This hard to understand error means the security certificate your email server is using has expired or is invalid for other reasons.
I'm getting a security warning when I open Outlook. It says: 'The server you connected to is using a security certificate that cannot be verified. A required certificate is not within its validity period when verifying against the current system clock or the timestamp in the file'
That message is saying that the certificate the mail server uses has likely expired.
If you are the administrator, you need to install an updated certificate; if you are an end-user, you need to speak to your admin. You can't hide the warning or turn it off, but in all likelihood, it's safe to OK it and connect to your mail server.
The message made perfect sense to me but not to the people who asked about it, so I asked a couple of family members who aren't into technology what they thought the message was trying to tell them and what they would do if it came up while they were on the computer. Their answer: it "hurt" to read it and they'd ask me to look at it. I guess that proves it's a poorly written, overly technical error message.
Target Principle name is incorrect
I have a SSL IMAP email account that I just setup in Outlook. Every time I run the program I get a popup: "Internet Security Warning" The server you are connected to is using a security certificate that cannot be verified. The target principle name is incorrect. View Certificate. The certificate is self signed so I always just click Yes to continue using the server/email account, but how do I get Outlook to remember?
This warning indicates the server name does not match the name in your account settings, or in the case of Exchange server, that the address in the autodiscover file does not match the address the server is using. This is a common problem when the administrator uses self-published certificates.
If you can't change the server name you use in Outlook, you can publish the certificate in the Certificate store to reduce the frequency of the alert. In the Trusted Publishers folder should suffice or use the automatic setting. This probably won't totally eliminate the dialog, but you'll see it less often, usually only when you restart Outlook.
To publish the certificate, click View Certificate then Install Certificate.
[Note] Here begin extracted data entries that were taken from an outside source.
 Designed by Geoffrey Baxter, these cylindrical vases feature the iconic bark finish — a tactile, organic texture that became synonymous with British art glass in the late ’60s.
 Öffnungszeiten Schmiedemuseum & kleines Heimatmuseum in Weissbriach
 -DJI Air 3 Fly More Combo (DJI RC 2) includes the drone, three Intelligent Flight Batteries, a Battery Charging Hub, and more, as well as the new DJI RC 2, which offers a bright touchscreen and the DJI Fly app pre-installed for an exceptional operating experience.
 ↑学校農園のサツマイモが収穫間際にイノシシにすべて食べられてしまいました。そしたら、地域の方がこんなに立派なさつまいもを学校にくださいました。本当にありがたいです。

Choose Current user, click Nest then Install.
For example, in the dialog in this screenshot, the server certificate was issued to pop.secureserver.net but I'm using mail.mydomain.com as the server name in my account settings.
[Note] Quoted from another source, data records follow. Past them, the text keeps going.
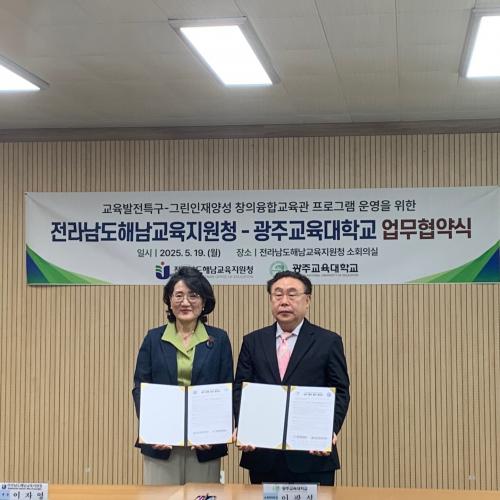 [½Åµ¿¾Æ¹æ¼Û Àü³²Çس²=À̽ŵ¿±âÀÚ] ÇØ³²±³À°Áö¿øÃ»°ú ±¤ÁÖ±³À°´ëÇб³´Â 5¿ù 19ÀÏ ÇØ³²±³À°Áö¿øÃ» ¼ÒȸÀǽǿ¡¼­ Áö¿ª±³À° Çù·Â·Â°­È­¸¦ À§ÇÑ ¾÷¹«Çù¾à(MOU)À» ü°áÇß´Ù. À̹ø Çù¾àÀº ¾ç ±â°üÀÌ ¡®±³À°¹ßÀüƯ±¸ – ±×¸°ÀÎÀç ¾ç¼º âÀÇÀ¶ÇÕ±³À°°ü ÇÁ·Î±×·¥¡¯ ÃßÁø°ú¡¦
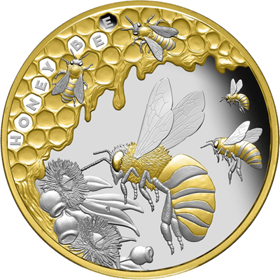 Auf der Motivseite dieser Silbermünze sind drei Honigbienen eingeprägt, die auf eine Blumenwiese zufliegen. Über der Wiese ist der Honig zu sehen, den die fleißigen Bienen hergestellt und gelagert haben. Um die Farbe des Honigs darzustellen, wurde das Honiglager mit hochwertigem Gold veredelt, genauso wie der gelbe Körper der Bienen.
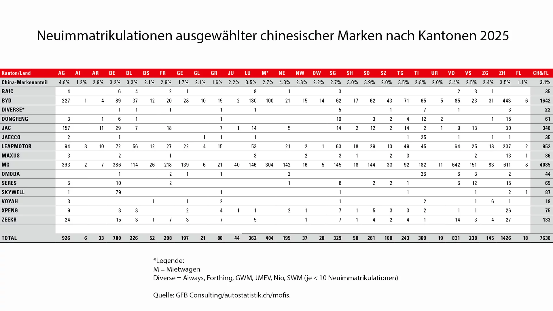 Für die AGVS-Medien hat Biffiger die 2025er-Zahlen nach Kantonen aufgeschlüsselt, um aufzuzeigen, wo die Präsenz der neuen Marken in der Schweiz und dem Fürstentum Liechtenstein Stärken oder Lücken aufweist. «Überdurchschnittlicher Nachfrage erfreuten sich die neuen chinesischen Marken mit 4,8 Prozent Anteil im Aargau, mit 4,3 Prozent in Neuenburg, mit 3,9 Prozent im Kanton Solothurn und mit je 3,5 Prozent in den Kantonen Zürich, Luzern und Thurgau», so Biffiger. «Kaum Interesse bestand im Fürstentum Liechtenstein mit 1,1 Prozent und im Kanton Appenzell Innerrhoden mit 1,2 Prozent.» Übrigens: Mietwagen weist Biffiger in seiner Analyse separat aus (Spalte «M») und stellt fest: «MG mit 304 und BYD mit 100 Immatrikulationen gelang es sofort, im Mietwagenbusiness Fuss zu fassen.» Übrigens: Die Topseller der drei grössten neuen Marken waren bei BYD (1642 Immatrikulationen) Seal U (894) und Sealion 7 (324), bei Leapmotor (952) die Modelle T03 (497) und C10 (362) und bei MG (4085) die beiden SUV ZS (1298) und HS (1126).
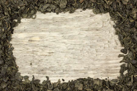 Dry green tea as a background. Place for text
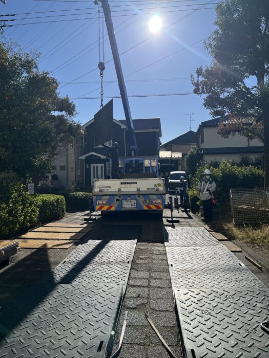本日、引き続きの現場でスタンション材搬出作業です。弊社ユニック班が鉄板養生施工作業行ってからラフター16トン進入設置。スタンション材搬出致しました。作業は順調に進んで無事終わる事が出来ました。
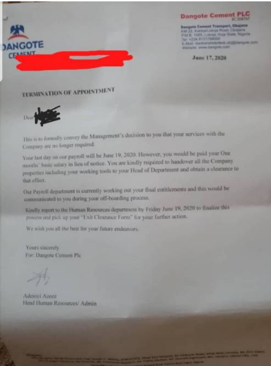 In a now viral “Termination of appointment” letter reportedly from the HR of the company to terminated staff, the affected staff were instructed to stop work as at today, 19th June, 2020 without any strong reason.
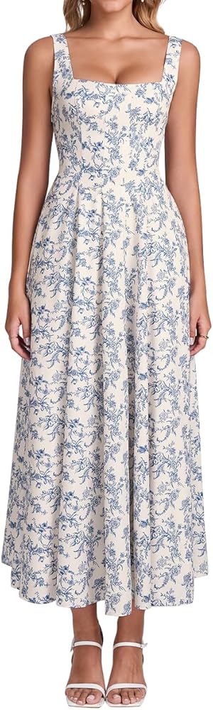 • السمات: فساتين الشمس الزهرية للنساء، فستان ضيوف حفل زفاف، رقبة مربعة، فستان متوسط الطول، حاشية مكشكشة وطباعة زهور تضيف المزيد من المرح إلى الفستان الطويل، أشرطة سباغيتي قابلة للتعديل ورباط من الخلف لتناسب جميع أنواع الجسم
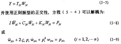 經(jīng)正則坐標(biāo)變換,雖然得到互不耦合的線性微分方程組(5-9),但是(5-9)式仍然不能像單自由度振動系統(tǒng)那樣求解,因為(5-9)式中的激勵力包含未知的振動位移y

John Roper-Lindsay uses these steps:
You can get around the "Target Principal Name is incorrect" by following the steps below:
- Open a cmd prompt and ping your incoming mail server to get the IP address - e.g. ping mail.fred.com returns IP address like 22.214.171.124
- View the certificate as above and note the server name under Issued To.
e.g. elephant.giraffe.co.nz or *.giraffe.co.nz
- Edit the hosts file and add a new line for IP address 126.96.36.199. The hosts file is in %windir%system32driversetc and you will probably need to edit this as administrator.
The entry you create in the hosts file should look something like this.
- Edit Outlook account settings and change the incoming and outgoing mail server to elephant.giraffe.co.nz
What does this do? Basically your mail server name needs to match the name on the certificate or Outlook will complain. The above process changes the mail server name to the name on the certificate and the hosts file will ensure that mail traffic to this server name will be correctly directed to your mail server.
NOTE: - Before editing the hosts file, you could test a ping to elephant.giraffe.co.nz and if the IP address matches your mail server's IP address you won't need to touch the hosts file.
NOTE:- If the certificate name is wildcarded, i.e. *.giraffe.co.nz, you could create a hosts file entry of anything.giraffe.co.nz, as the wildcard will cover anything.
NOTE:- you won't need to trust the certificate anywhere, as long as your mail provider is using a valid Certificate Authority to issue the certificate, which they certainly should be.
NOTE: This assumes the incoming and outgoing mail servers are the same. If they're not you may have to fiddle around with 2 server names.